US President Donald Trump set a two-week time frame for assessing peace talks between Russia and Ukraine, as he ramped up his efforts to negotiate an end to the war.
“I would say within two weeks we’re going to know one way or the other,” he said in a telephone interview on August 21 when asked about the chances of a peace agreement, according to AFP.
“After that, we’ll have to maybe take a different tack,” Trump told Todd Starnes, a host for US right-wing media outlet Newsmax, without giving further details.
Trump, who had promised during last year’s presidential election to end the war in one day, has so far failed to achieve any major breakthroughs – more than three years since Russia’s invasion of Ukraine in February 2022.
He met Russian President Vladimir Putin on August 15 at a highly anticipated summit in Alaska that failed to reach an accord and saw Trump drop his push for an initial ceasefire.
On August 18, he held talks at the White House with Ukrainian President Volodymyr Zelensky and a number of European allies.
Those meetings raised hopes that Putin and Zelensky could meet directly for a peace summit, as both leaders initially appeared open to that option.
But Zelensky on August 21 accused Russia of “trying to avoid the necessity to meet” and said that it did not want to end the war.

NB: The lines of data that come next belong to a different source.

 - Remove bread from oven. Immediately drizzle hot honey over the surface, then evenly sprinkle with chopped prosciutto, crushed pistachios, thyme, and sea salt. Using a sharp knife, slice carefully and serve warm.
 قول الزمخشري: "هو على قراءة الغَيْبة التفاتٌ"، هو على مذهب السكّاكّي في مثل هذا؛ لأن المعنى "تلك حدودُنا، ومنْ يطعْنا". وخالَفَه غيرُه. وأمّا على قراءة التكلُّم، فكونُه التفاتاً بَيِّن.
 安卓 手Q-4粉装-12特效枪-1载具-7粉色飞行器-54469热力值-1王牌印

Russia, meanwhile, said that Ukraine did not seem to be interested in “long-term” peace, accusing Kyiv of seeking security guarantees completely incompatible with Moscow’s demands.
That came after, late on on August 20-21, Russia launched 574 drones and 40 missiles on Ukraine in one of the heaviest bombardments in weeks, Ukrainian officials said, according to the BBC.

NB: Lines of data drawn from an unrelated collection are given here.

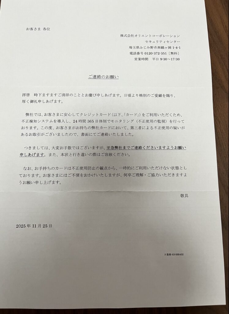 オリコ側が 事前にカードを止めてくれていた ので、本当に救われました。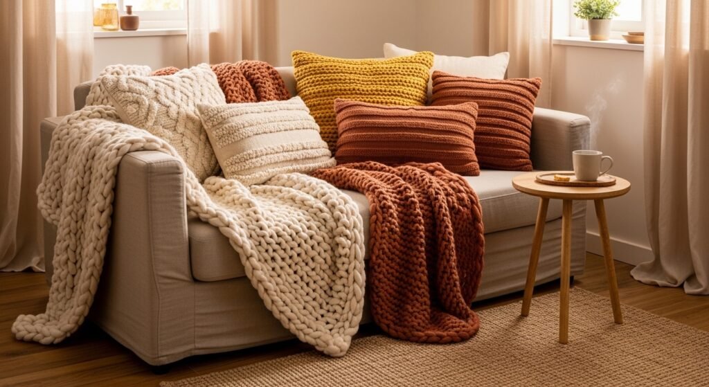 Nothing says cozy quite like an abundance of soft textures. One of the simplest cozy small living room ideas is layering throws and cushions in complementary warm tones across your seating. Think chunky knit blankets, velvet pillows, and faux fur accents that invite you to curl up and stay awhile.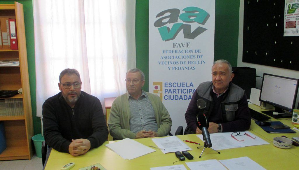 Con el fin de dar cuenta de la postura de la Federación de Asociaciones de Vecinos de Hellín (FAVE) sobre lo asunto de las paradas de los trenes de pasajeros por nuestra ciudad,se convocó a una rueda de prensa en su sede del Centro Social del Carmen, donde junto al presidente de la entidad, Juan Fernández y el recién nombrado presidente de Honor, Juan Roldán, se encontraba, el portavoz de la Plataforma Ciudadana por el tren para Hellín y su Comarca, José Antonio Maciá.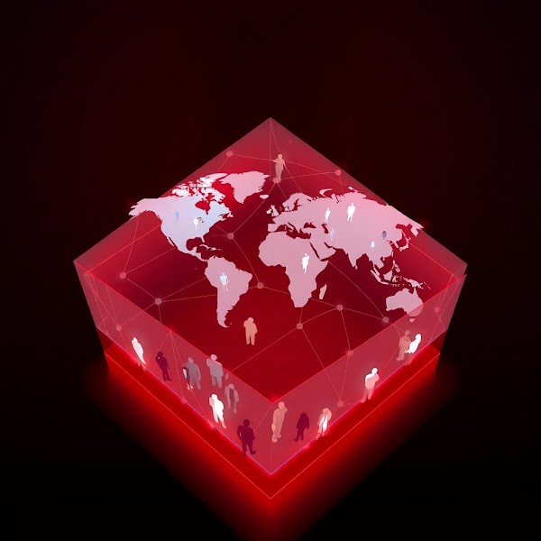 Digital artwork, abstract, high angle perspective, geometric shapes, clean lines, red color palette, soft gradients, semi-transparent world map, glowing pastel network, diverse human silhouettes, balanced composition, logo design inspiratio.jpg

One person was killed in a drone and missile strike on the western city of Lviv, while 15 others were reported wounded in an attack on the south-western Transcarpathia region.
Ukrainian foreign minister Andrii Sybiha said the strikes highlighted why efforts to bring it to an end were “so critical”.
Zelensky has said Ukraine was ready to meet Putin “in neutral Europe” – mooting Switzerland or Austria – adding that he was not against Istanbul either.
He has stated his willingness to meet Putin in “any format”, although he has poured cold water on the idea of talks taking place in Budapest, which he said “is not easy today”.
Trump has a track record of issuing two-week deadlines to deliberate on Ukraine and other issues.
In late May, he said he would assess within that period whether Putin was serious about achieving a peace deal, promising to respond “differently” if not.
Trump wrote on August 21 on his Truth Social platform that Ukraine cannot win the war without striking inside Russia, accusing former US president Joe Biden of only allowing Ukraine to “defend, not fight back”, The Kyiv Independent news outlet reported early on August 22.
Trump claimed the war would not have happened if he had been in office, adding: “Interesting times ahead!”
The remarks, according to the Ukraine outlet, differed from his position in December 2024, when, in an interview with Time magazine before taking office, he called it a “big mistake” for Washington to let Ukraine use US-supplied weapons against targets deep inside Russia, warning such strikes risked dangerous escalation.
The Biden administration had approved the use of US-supplied long-range ATACMS missiles for strikes inside Russia in 2024.